# Sat. and Sunday Goon Report



## redbone24 (May 1, 2007)

I think me and tanner saw you guys in the morning! we were in the gheenoe that had 3 people in it. we ended up catching 3 reds but we got there really late. hopefully tanner can post those pics.


----------



## Ron_W. (Dec 14, 2006)

Great weekend


----------



## tom_in_orl (Dec 9, 2006)

Nice weekend! All though..... you might want to have that camera checked. :


----------



## kicker (Dec 16, 2006)

redbone, i was wondering if that was anybody from on here.

tom, i sent the camera back to nikon cause the lens got jammed and the camera wouldnt work at all. it came back and now all it does is take blurry picks  err its only 6 months old too


----------



## tom_in_orl (Dec 9, 2006)

IFA is in town next weekend.

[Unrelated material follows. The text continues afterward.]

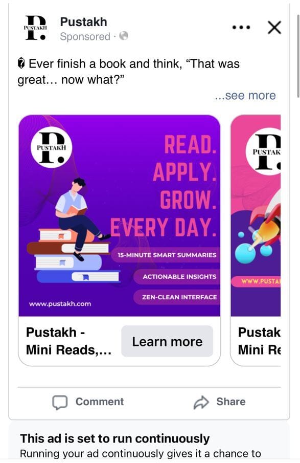 Facebook ad for Pustakh

Sure would suck for those guys if a couple of boats climbed up their a$$ while they were fishing the tournament. I would be money they will be in that exact same spot come tournament time.

Good thing you didn't post the boat name or the major sponsor on the wrap. There might be a bunch of forum members looking for them. Karma can be a $hitty thing sometimes. ;D ;D ;D ;D ;D


----------



## JRH (Mar 18, 2007)

Nice weekend.


----------



## aikido09 (Apr 2, 2007)

Great feesh kicker!!!


----------